* What you need to do *
Restate word for word the lines below from the one that has "Stol od punog" through the one that has "Antara hantaran yang", keeping both and dropping all pictures.

* Supplied material *

▼

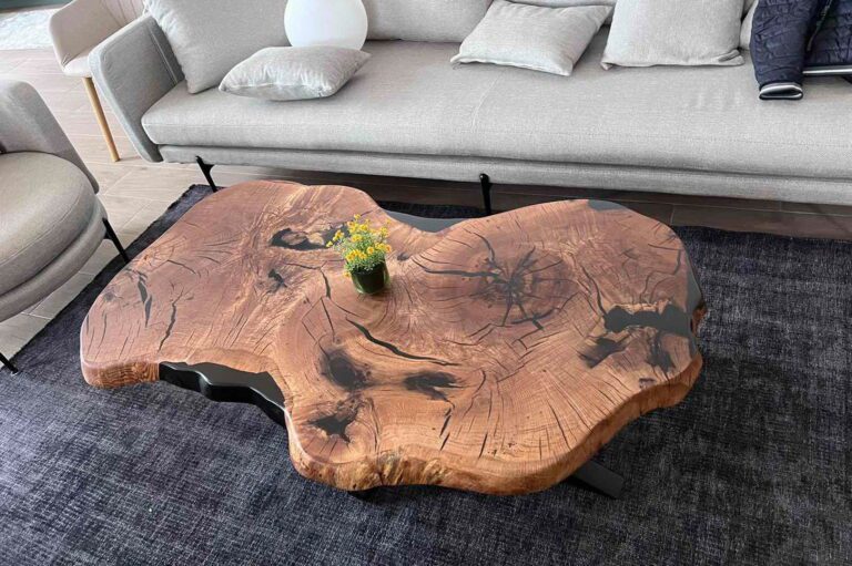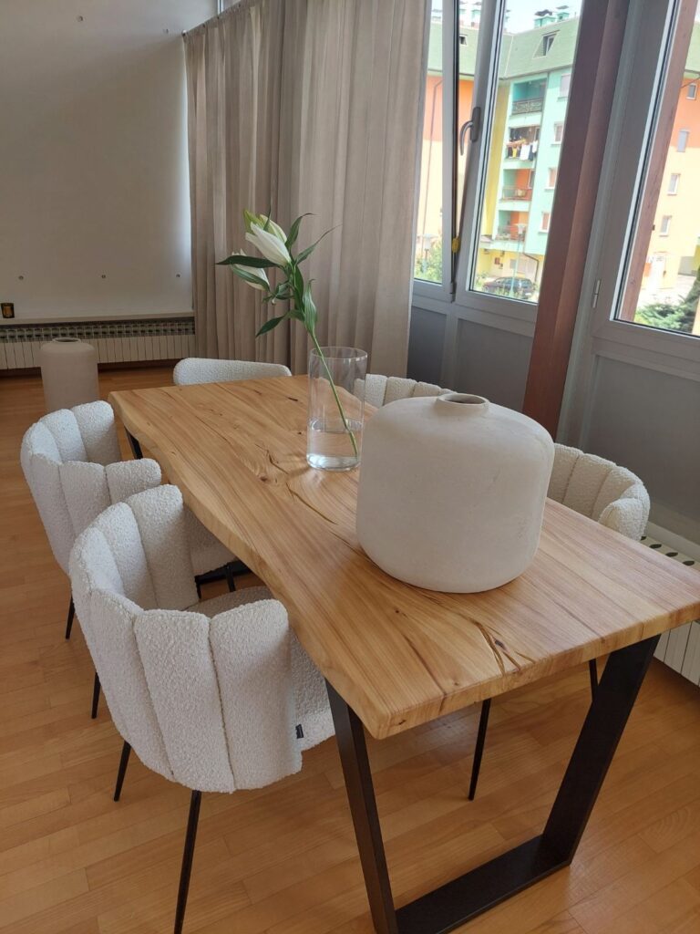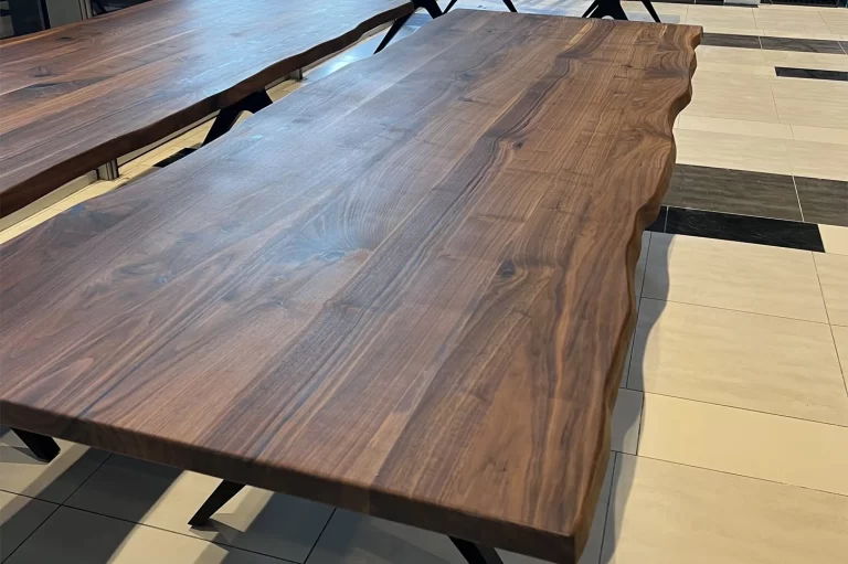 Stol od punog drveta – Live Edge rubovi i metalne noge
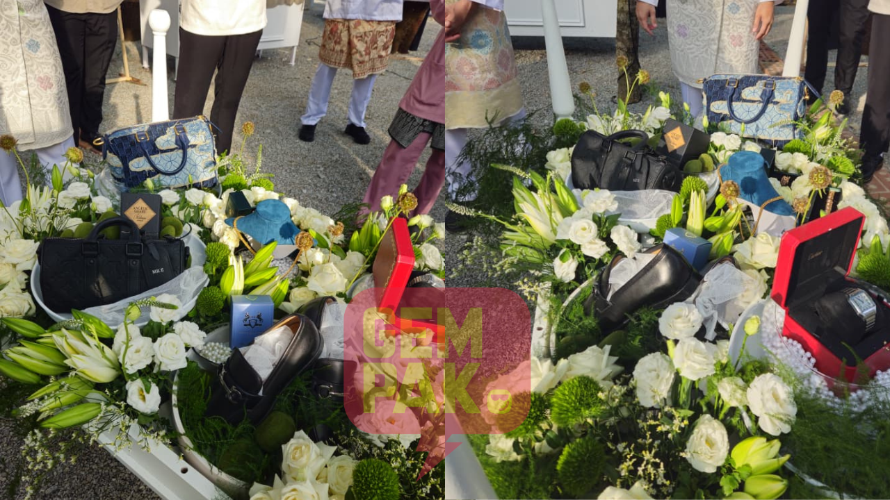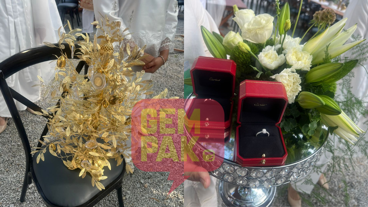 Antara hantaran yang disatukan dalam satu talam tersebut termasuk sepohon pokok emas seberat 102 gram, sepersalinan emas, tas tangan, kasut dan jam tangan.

▲
▼

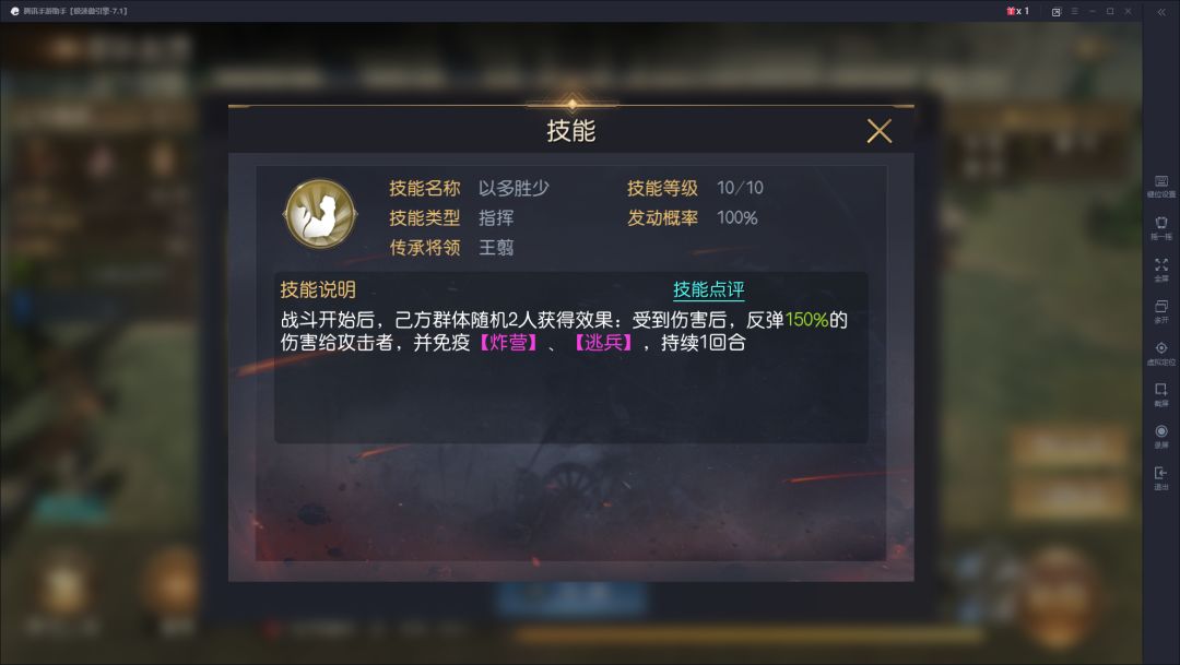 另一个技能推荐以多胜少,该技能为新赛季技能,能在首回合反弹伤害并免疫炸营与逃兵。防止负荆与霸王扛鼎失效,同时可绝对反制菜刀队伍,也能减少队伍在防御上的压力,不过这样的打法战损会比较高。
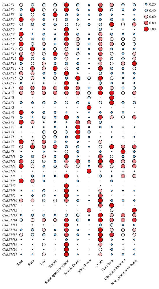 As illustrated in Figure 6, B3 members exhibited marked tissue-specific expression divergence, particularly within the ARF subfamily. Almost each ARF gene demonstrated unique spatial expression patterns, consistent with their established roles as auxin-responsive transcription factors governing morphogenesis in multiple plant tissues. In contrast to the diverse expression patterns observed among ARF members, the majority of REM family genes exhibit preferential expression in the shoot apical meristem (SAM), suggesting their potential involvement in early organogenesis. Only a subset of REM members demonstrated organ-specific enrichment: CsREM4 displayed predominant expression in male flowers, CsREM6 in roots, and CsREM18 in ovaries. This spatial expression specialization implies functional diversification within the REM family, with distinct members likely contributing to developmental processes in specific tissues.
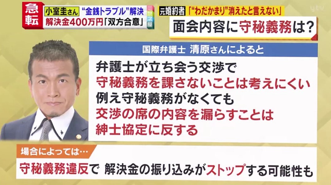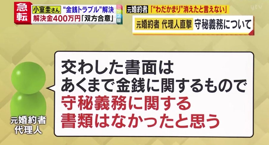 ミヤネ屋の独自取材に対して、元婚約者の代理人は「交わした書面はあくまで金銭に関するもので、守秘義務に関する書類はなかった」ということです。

▲

* Result *
 Stol od punog drveta – Live Edge rubovi i metalne noge
 Antara hantaran yang disatukan dalam satu talam tersebut termasuk sepohon pokok emas seberat 102 gram, sepersalinan emas, tas tangan, kasut dan jam tangan.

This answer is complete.